Death Game and the Survival of Self in Who’s Afraid of Virginia Woolf?

Samira Sasani, Elham Haghrezaei

Abstract


Throughout decades Edward Albee’s Who’s Afraid of Virginia Woolf? Has been considered for its vivid depiction of two modern individuals’ game which dissolves not even others but themselves. Drawing on the theoretical framework of Laing, this game can be viewed and analyzed as the two individuals’ battle for survival. The existential world depicted by Laing is a lonesome inner world of an individual who’s self is divided in the face of a threatening outside world. The torturing anxieties through which he sees and defines the world skin him, bit by bit, with every breath he takes and the opposing forces from within enlarges the vacuum which is his deathbed. These conflicting needs are the driving forces which define George and Martha’s relationship. They both are victims of tormenting and existentially threatening situations which have taught them to preserve their true selves within by disarming and attacking the other.

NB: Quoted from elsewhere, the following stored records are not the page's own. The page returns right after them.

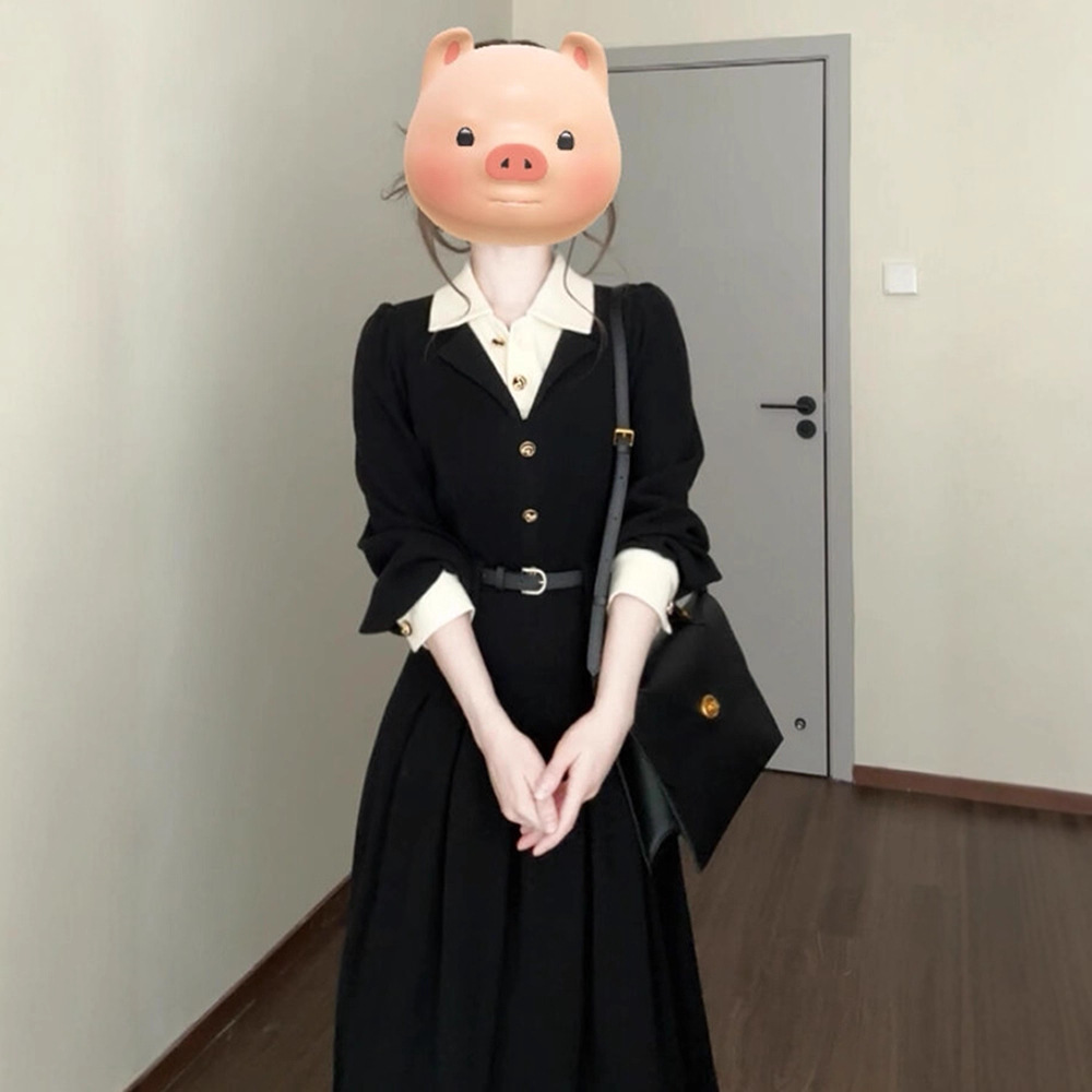 法式高级感黑色polo领衬衫连衣裙子女2025新款秋冬穿搭假两件长裙
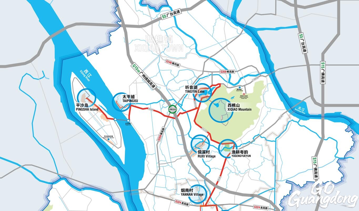 Route 1: Tingyin Lake - Xiqiao Mountain - Nanhai Silk Mill:
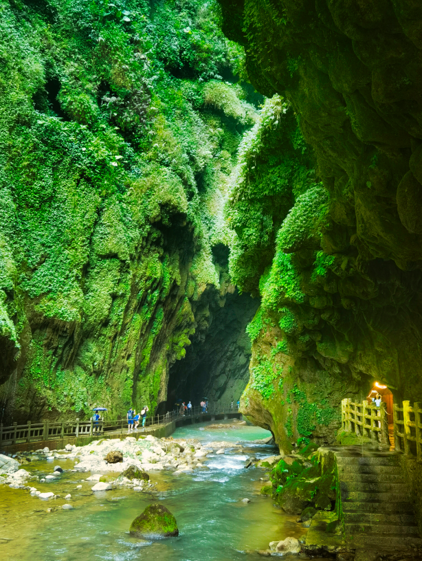 幽深旷野的峡谷风光、奇峰林立的溶洞奇观、气势磅礴的谷底河流、凌空飞泻的壮美瀑布,还有神秘莫测的地下暗河……被誉为“一水穿三峡贯三洞”。
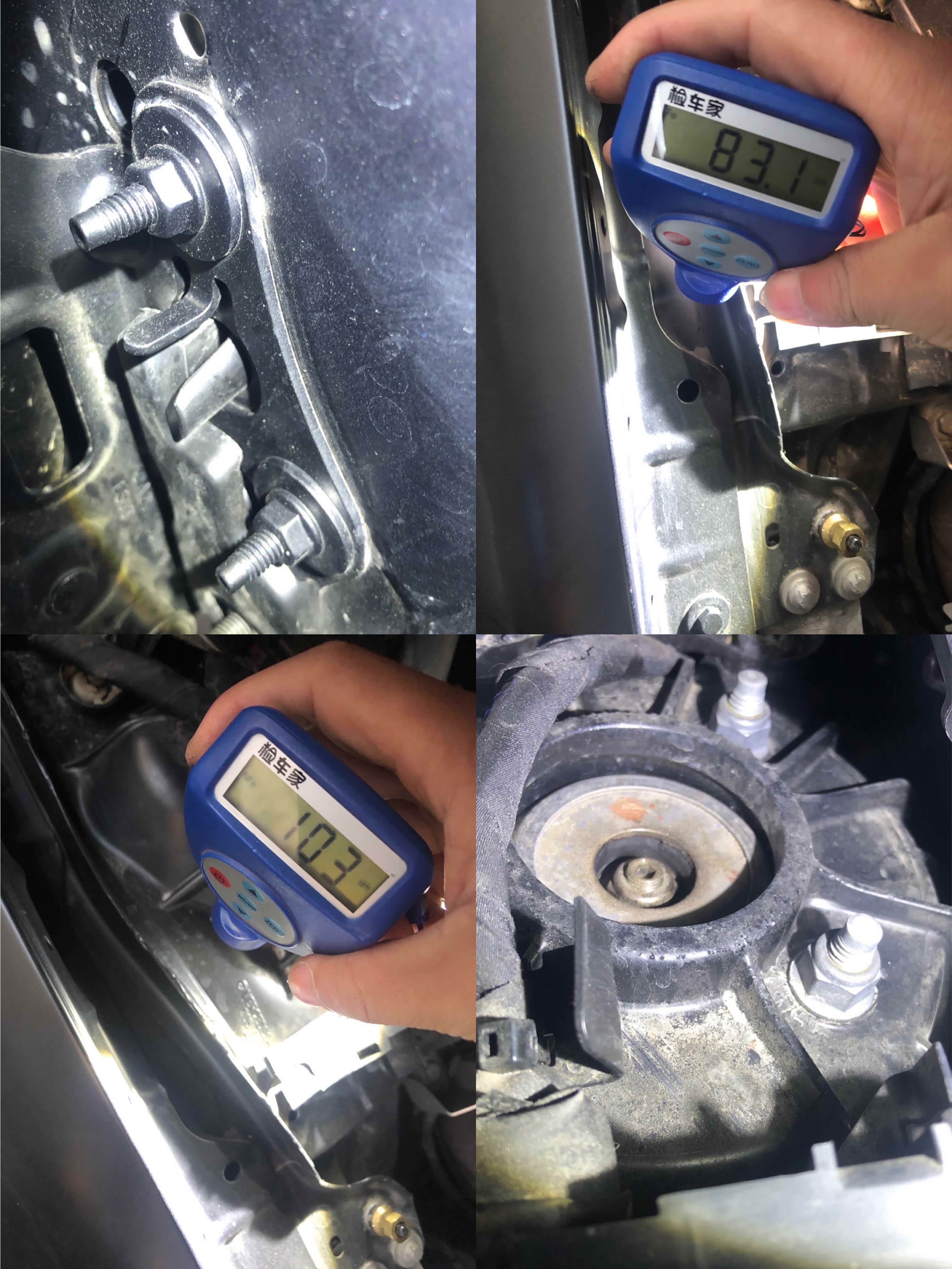 左前翼子板梁与避震包表面漆面数值未发现异常,周围的胶体也符合原厂状态,避震固定螺丝也未曾拆卸,排除左侧侧面撞击的可能性。

That which seems to be yearn for power is essentially their struggle to protect themselves, or in other words, their true selves. Having a precariously differentiated sense of identity, both fear any contact with the real world while being aware of their inevitable need for this realness to survive. In this Article, first the existential theories of R. D. Laing will be thoroughly explained and the second effort will be to shed new light on Albee’s two characters, Martha and George, while digging into the deepest recesses of their being; the most invisible depths which fuel all their seemingly perspicuous actions.

 

Keywords: Edward Albee; R. D. Laing; Divided Selves; Anxiety; Existential being.